In season 1, the Atlanta survivor camp is still trying to figure out what survival actually looks like. People are grieving, rationing food, and clinging to routines that no longer mean much. Among them is Carol, along with her daughter Sophia and her husband, Ed.

At first, Ed just seems like another stressed survivor. But it doesn’t take long for the truth to surface. Viewers learn that he’s controlling, emotionally and physically abusive, and deeply dismissive of Carol. He speaks to her like she’s beneath him, and not an equal partner trying to survive the end of the world.

And what’s most unsettling is how familiar it feels. There’s nothing exaggerated about it. There's no apocalypse-required transformation. Ed's just the same person he likely was before everything fell apart. In other words, the world didn’t make him this way. It just stopped hiding it.

One of the early moments that stands out involves Shane Walsh (Jon Bernthal) stepping in after Ed becomes physically aggressive toward Carol. Shane responds with immediate violence, publicly beating Ed in front of the camp. It’s messy, uncomfortable, and very early Walking Dead, aka back when the group was still figuring out what kind of rules they were willing to live by in a world without laws.

And in that moment, the group decides something important. It's that Ed’s behavior is not acceptable there. But even that intervention doesn’t erase what’s already been done. Carol doesn’t suddenly become someone new, nor does she suddenly feel safe. She just keeps going, the way she always has.

Ed’s eventual exit from the zombie series is sudden and unceremonious. During a walker attack on the camp in the fourth episode of the first season, chaos breaks out and he’s killed when a walker gets into his tent. There’s no big moment attached to it. Ed doesn't even really get any final words. He meets his demise swiftly, with no one around to help.

But his story doesn’t really end there. Before he can reanimate as a walker, Carol is the one who ultimately puts him down with a pickaxe. It’s a quiet, almost understated moment, but it lands harder than a lot of louder moments in the show. Why? It's because it represents a shift that the series doesn’t spell out. It's that Carol is no longer under Ed's control in any sense of the word.

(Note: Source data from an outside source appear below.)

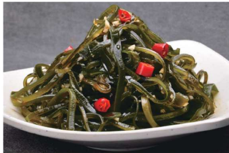
611A 凉拌海带 RM 18 /份 Pickled Spicy Seaweed

本菜谱图片仅供参考，出品以实物为准！ The pictures of the menu are only for your reference, to prevail in kind!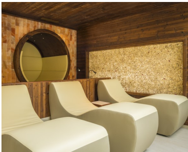
Organoid Wildspitze Roasa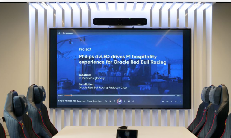
Дисплей Philips C-Line в переговорной комнате

Высококачественные и функциональные, дисплеи Philips Collaboration C-Line позволили существенно повысить эффективность работы группы маркетинга Oracle Red Bull Racing, поскольку обеспечили трансформацию каждого рабочего пространства в нечто более удобное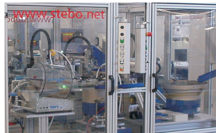
Montageanlage - Ansaugventil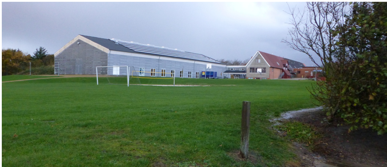
Bøvling Idrætsefterskole set fra boldbanerne

Aktivitetssti skal være en natur- og motionssti, men den skal også være et hyggeligt og uformelt mødested under åben himmel.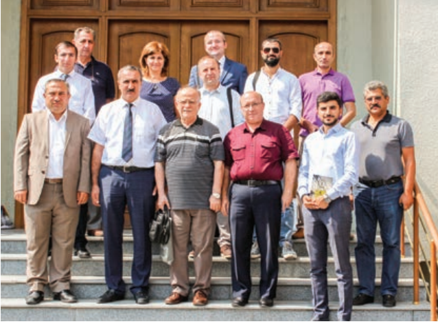
Şekil 13. Azərbaypa ekibiyle toplantı sonrası çekilen hatıra fotoğrafı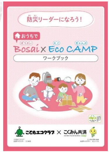
ブランケット・ワークブックはともにイメージ図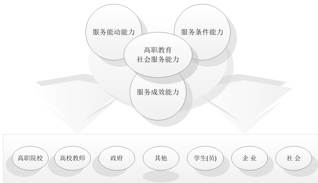
Figure 2. Evaluation framework of social service ability in Higher Vocational Education Based on project management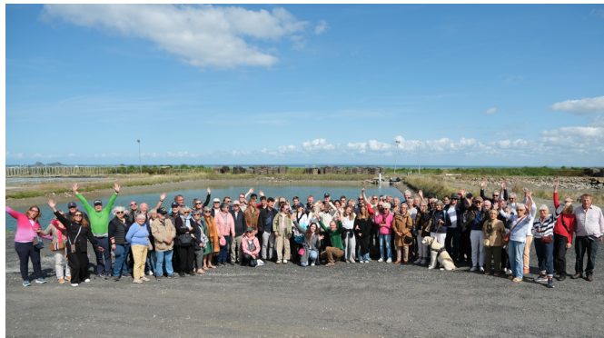
Besuch in Dinard im September 2025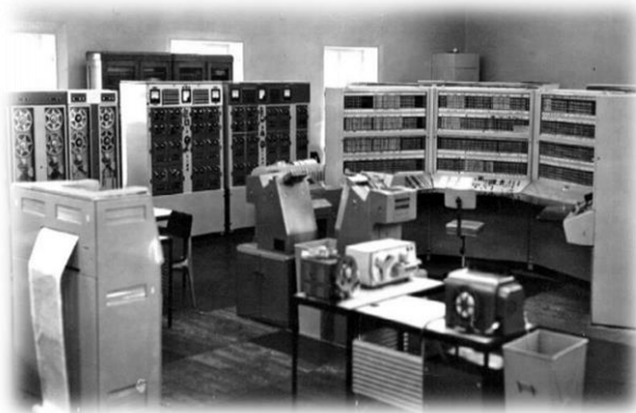
Рис.2. БЭСМ-6 – первый советский суперкомпьютер, 1967 г.

Деятельность С.А. Лебедева неразрывно связана с историей российской науки как коллективного многонационального достижения. Первую ЭВМ он создал на Украине – в Киеве, объединив вокруг себя учёных и инженеров Украинской и Российской советских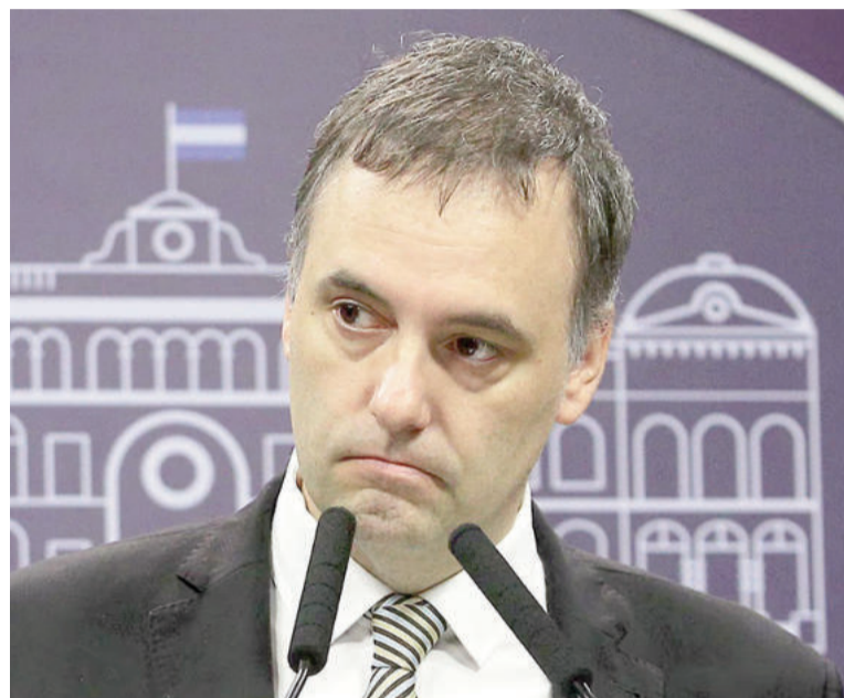
Volvió a encabezar una rueda de prensa en casi dos meses.

El jefe de Gabinete redobló las críticas contra parte de la oposición, en especial el kirchnerismo, y la prensa: "No me voy a sentar a que nos den clases de ética los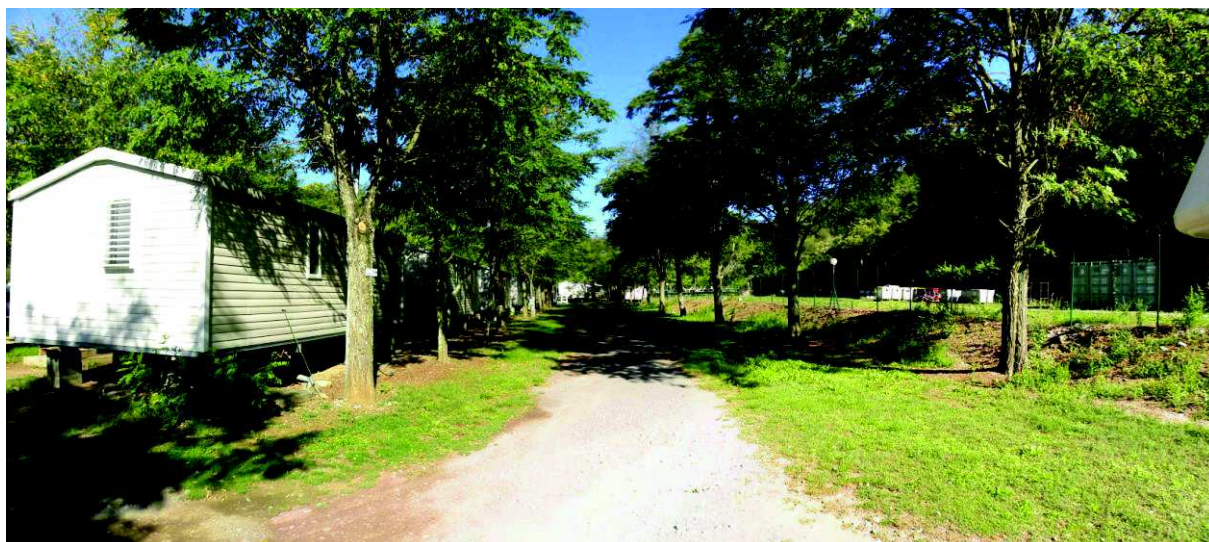
Figure 3 : A gauche, les emplacements à régulariser : à droite le secteur envisagé pour l'extension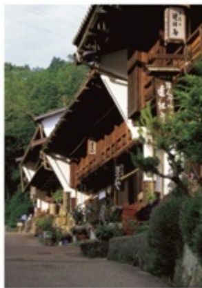
出梁や格子の民家が続く馬籠宿(岐阜県中津川市)。土産物店、飲食店も町並みに溶け込み、深い味わい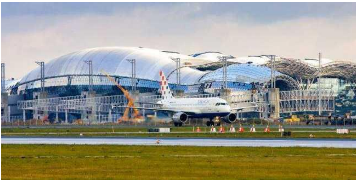
Slika4. Novi terminal MZZ

Izvor: http://www.croatiaweek.com/wp-content/uploads/2015/12/1-18.jpg , 21.siječnja 2016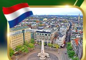
จัตุรัสดีสนีย์ฮอลล์ อัมสเตอร์ดัม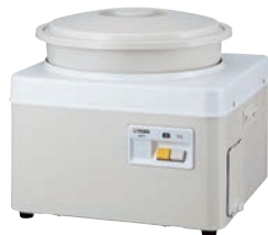
①タイガー 餅つき機 かじまん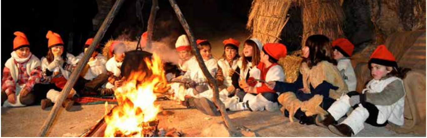
ESCENA DELS PASTORS DEL PESSEBRE VIVENT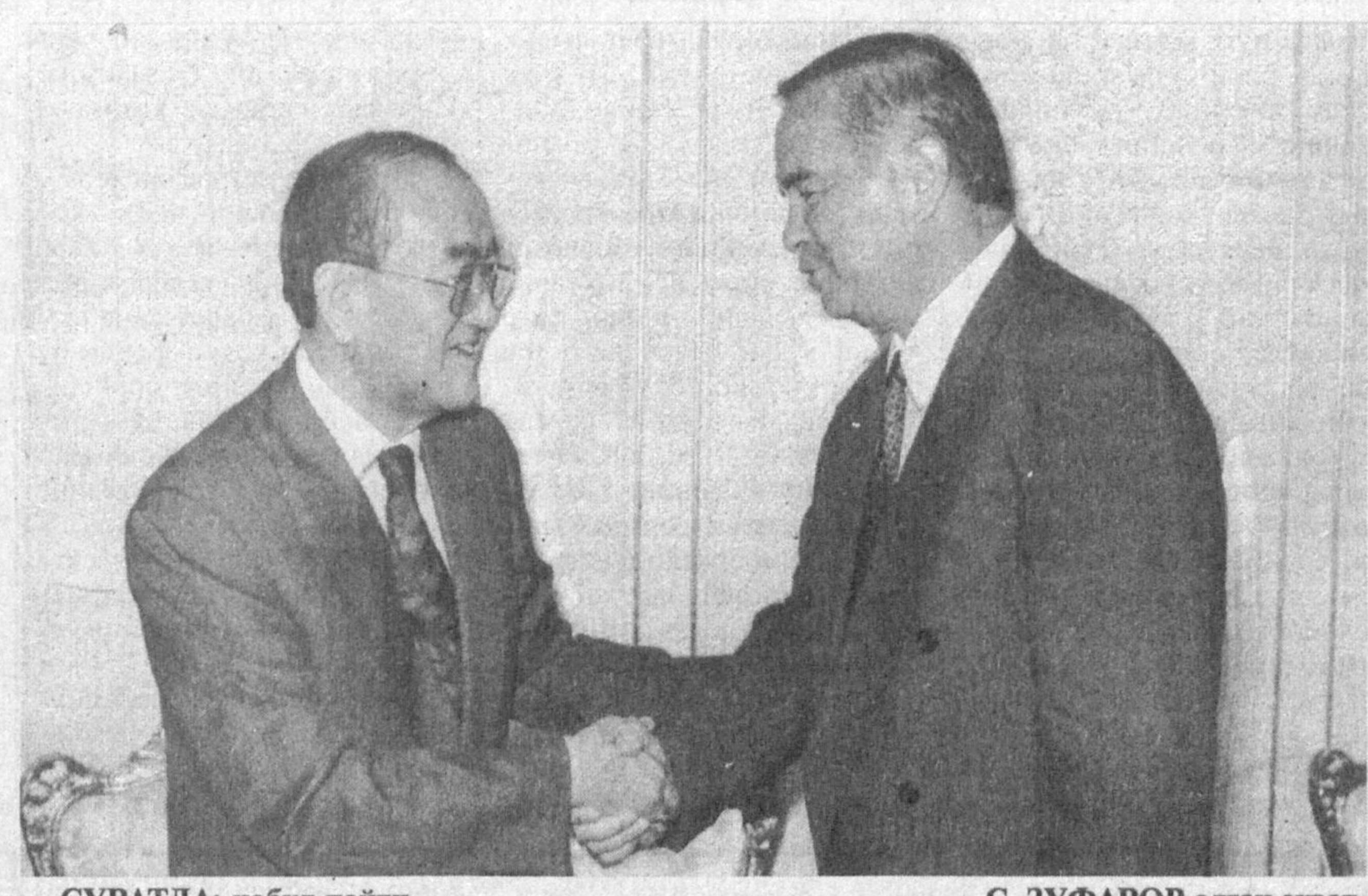
СУРАТДА: қабул пайти.

16 июнь кuni Ўзбекистон Республикаси Президенти Ислом Каримов Жаҳон соғлиқни сақлаш ташкилати бош директори Хироши Накажими қабул қилди. Мамлакатимиз раҳбари меҳмонга Ўзбекистонда амалга оширилаётган ижтимоий-иқтисодий ислохотлар жараёни, соғлиқни сақлаш ва экология муаммоларини бартараф этиш соҳасида амалга оширилаётган ишлар ҳақида сўзлаб берди. Бу борада халқаро ташкилотлар, жумладан, Жаҳон соғлиқни сақлаш ташкилати билан ҳамкорлик қилишга алоҳида эътибор берилаётганини таъкидлади. Хироши Накажима ўзи раҳбарлик қилаётган халқаро ташкилот Ўзбекистон билан ҳамкорликни янада кенгайтиришга тайёр эканлигини айтиб, бу борада амалга оширилажак ишлар яхши натижалар беради, дея умид билдирди. Сўхбат чоғида ижтимоий-иқтисодий тараққиёт, Орол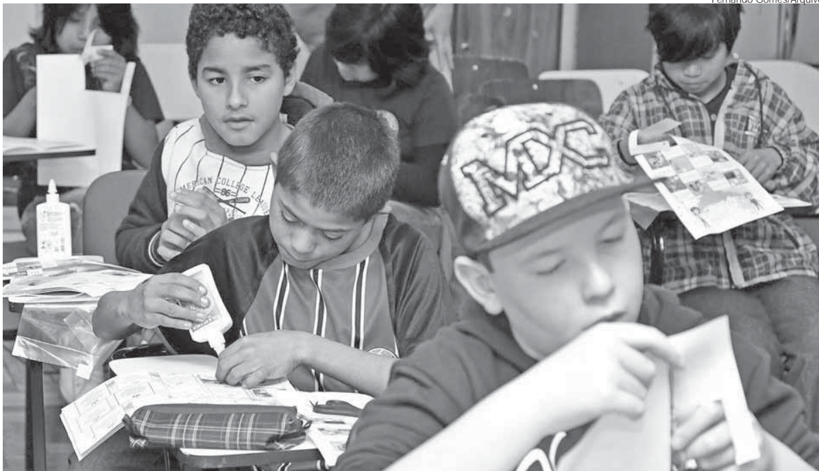
Planejamento da Secretaria de Educação é para que não falem vagas na Educação Infantil de Santo Ângelo

Conforme o cronograma da Secretaria Municipal de Educação, iniciou nesta segunda-feira, dia 3, o período para matrículas e rematrículas da rede pública municipal de ensino para o ano letivo de 2019.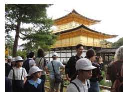
〔金閣寺を眺めながら移動中〕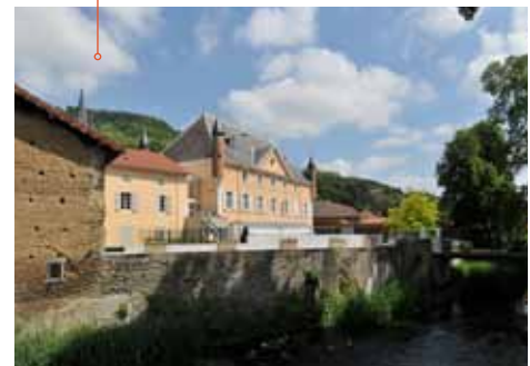
Extrait du Parcours : 4 points d'accueil dont la Maison de la Biennale (A4), salles de conférences et d'ateliers, espaces pour les chapiteaux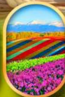
สวนดอกไม้ชิชิโซ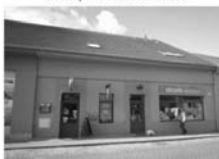
Pronájem obchodu Tišnov, včetně soc. zázemí a kanceláře, 110 m 2 23.000,- Kč + inkaso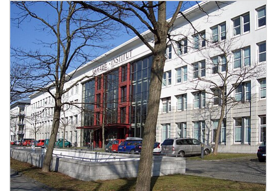
Ehemalige Zentrale in der Dachauer Straße , München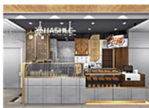
※画像は店舗イメージです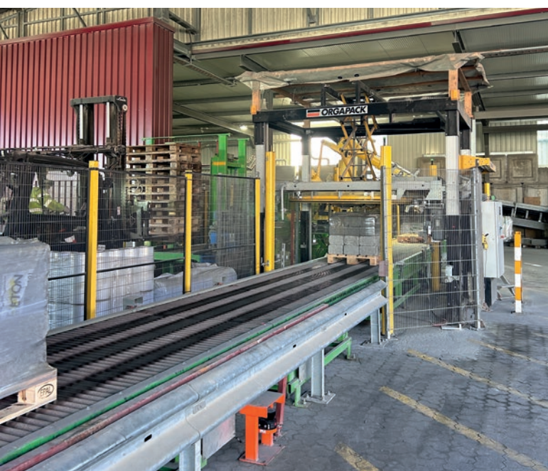
Les paquets finis sont transportés par des convoyeurs à rouleaux vers la banderoleuse automatique Octopus, puis récupérés par un chariot élévateur au point de transfert.

couverture et un film étirable, puis récupérés par un chariot élévateur au point de transfert. L'installation est commandée par un chariot élévateur électrique de 5 tonnes équipé d'une fourche rotative.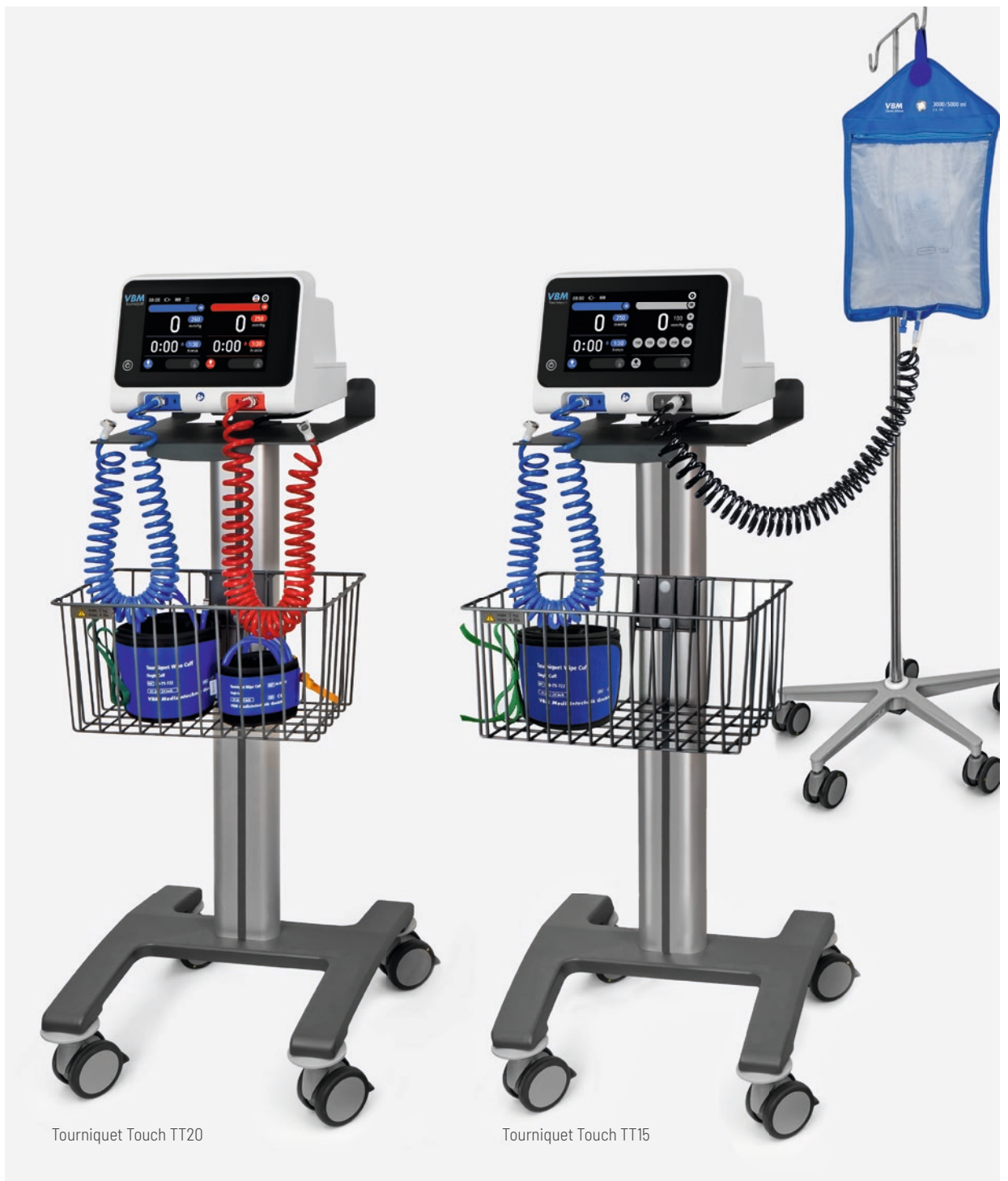
Tourniquet Touch TT20

Para el uso de un manguito simple y la bolsa de infusión.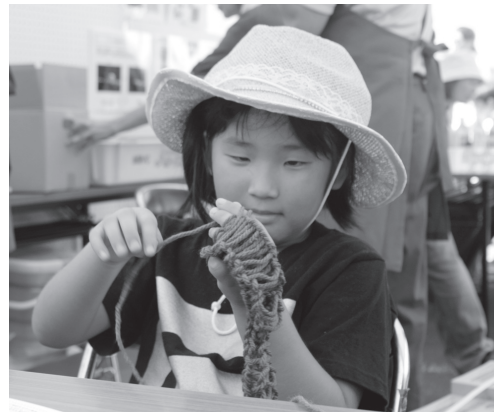
毛糸で手作りのたわしを作ったよ

題を取り上げた上映会が行われ、サブアリーナなどでは、マイバッグにお絵描きをしたり、廃材を使ってMYはしを作るコーナーや「UC(ユナイテッドドルドレン)」という、地元高校生たちが人力で電気をおこす工作教室など、楽しみながら環境を考える取り組みが行われました。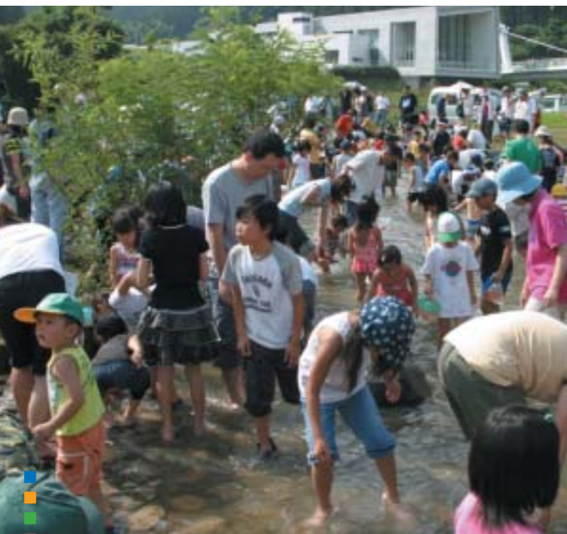
スプリングフェスタ(日吉町)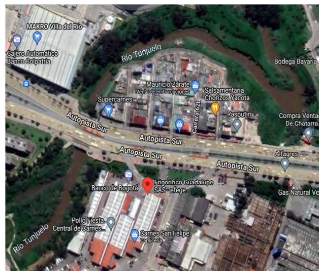
Figura 2. Mapa del barrio Guadalupe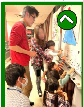
平和で健康に すぐせますように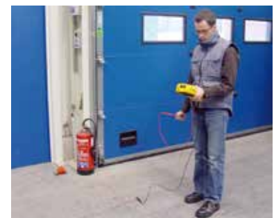
Messanordnung für R_{PA}

After his death, Carol would go on to evolve from someone defined almost entirely by fear and silence into one of the most resilient and unpredictable survivors in the entire series. However, it's important to remember one thing. People often point to later tragedies as the reason she changes, and they’re right to a degree. But they’re not the whole story. Ed is the beginning.

He’s what she had to survive before she ever learned how to fight back. Before she became someone who could lead, protect, or even scare other survivors when she needed to.

If you go back and look at season 1 with that in mind, you start to see it differently. Not just as the start of the apocalypse story, but as the start of Carol’s escape from a life she was already trapped in. And Ed Peletier, as forgettable as he might seem at first, is part of why that escape hits as hard as it does.

The Walking Dead is streaming on Netflix.